(Data excerpt)
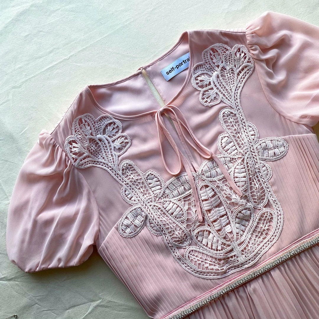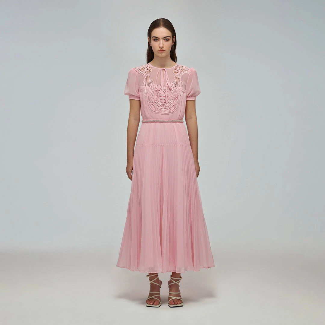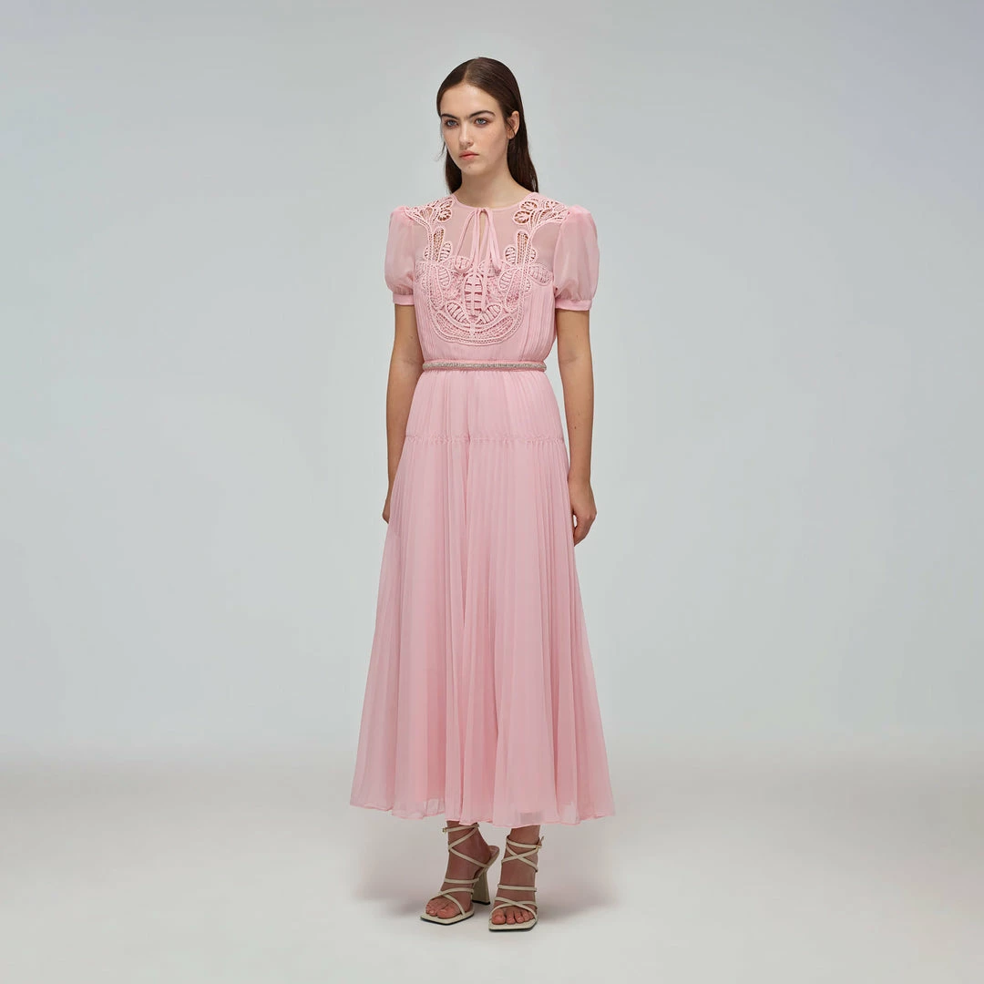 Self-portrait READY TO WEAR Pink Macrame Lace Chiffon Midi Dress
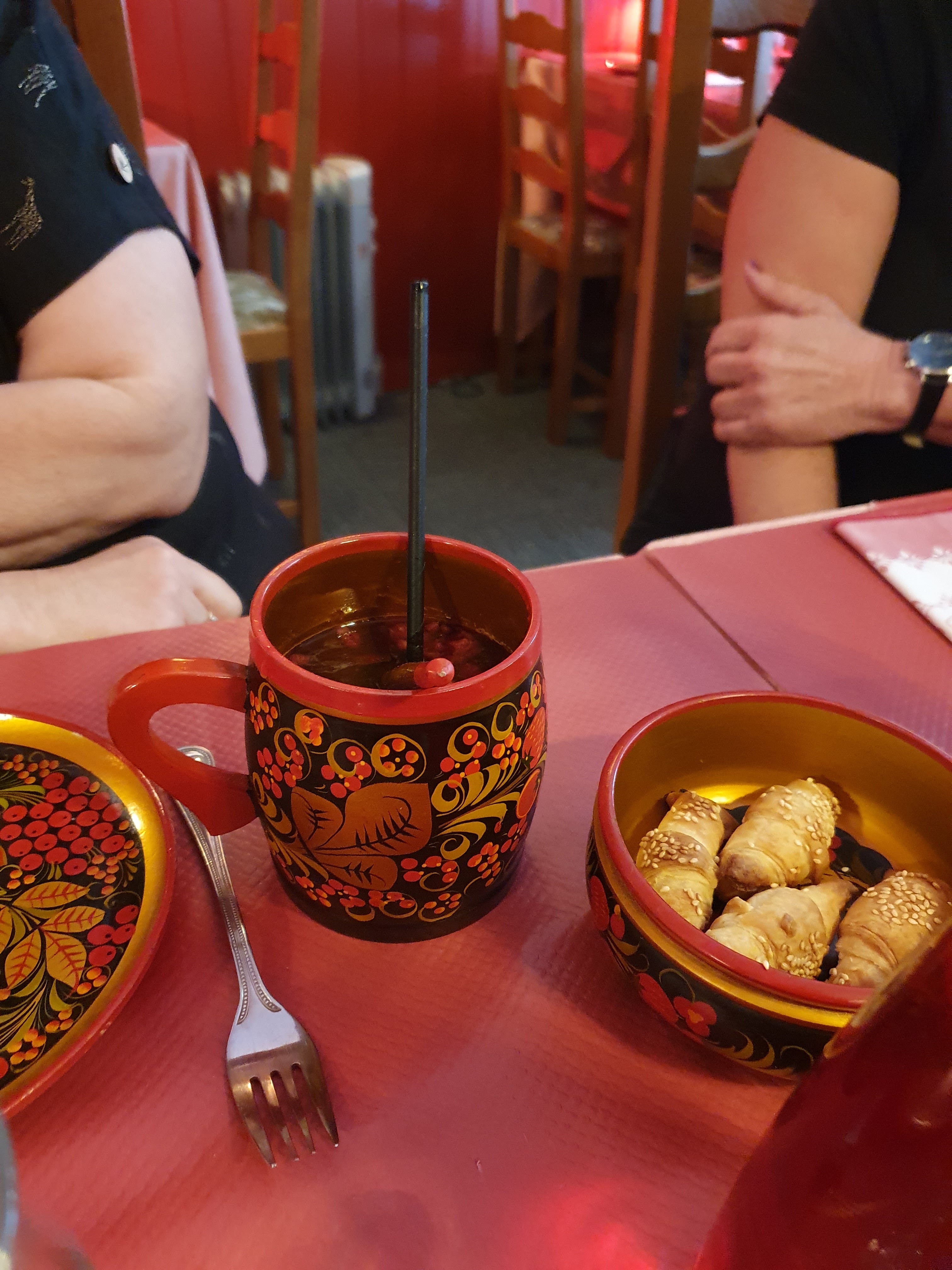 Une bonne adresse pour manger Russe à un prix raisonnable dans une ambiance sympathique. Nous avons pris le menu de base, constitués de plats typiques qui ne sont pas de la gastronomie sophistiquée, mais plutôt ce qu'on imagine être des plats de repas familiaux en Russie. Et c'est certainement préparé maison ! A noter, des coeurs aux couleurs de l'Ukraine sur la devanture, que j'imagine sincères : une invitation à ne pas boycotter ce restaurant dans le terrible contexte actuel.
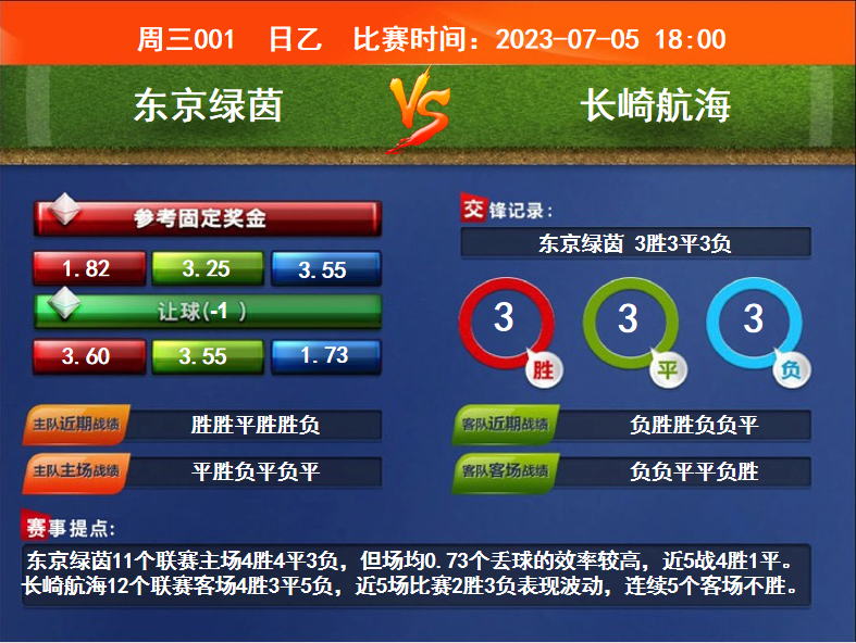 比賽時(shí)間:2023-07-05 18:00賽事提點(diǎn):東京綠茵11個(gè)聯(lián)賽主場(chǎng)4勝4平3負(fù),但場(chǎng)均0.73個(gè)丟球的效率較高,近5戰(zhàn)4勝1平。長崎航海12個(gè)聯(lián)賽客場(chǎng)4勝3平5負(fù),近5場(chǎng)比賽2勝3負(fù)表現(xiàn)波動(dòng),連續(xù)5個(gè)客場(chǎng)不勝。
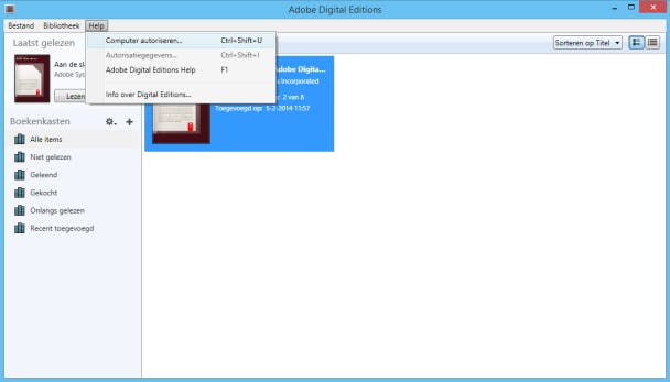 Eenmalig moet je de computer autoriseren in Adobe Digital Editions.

(Exercise goal)
The answer is the lines above, word for word, from the first one through the one containing "Une bonne adresse"; it includes no pictures.

(Answer box)
 Self-portrait READY TO WEAR Pink Macrame Lace Chiffon Midi Dress
 Une bonne adresse pour manger Russe à un prix raisonnable dans une ambiance sympathique. Nous avons pris le menu de base, constitués de plats typiques qui ne sont pas de la gastronomie sophistiquée, mais plutôt ce qu'on imagine être des plats de repas familiaux en Russie. Et c'est certainement préparé maison ! A noter, des coeurs aux couleurs de l'Ukraine sur la devanture, que j'imagine sincères : une invitation à ne pas boycotter ce restaurant dans le terrible contexte actuel.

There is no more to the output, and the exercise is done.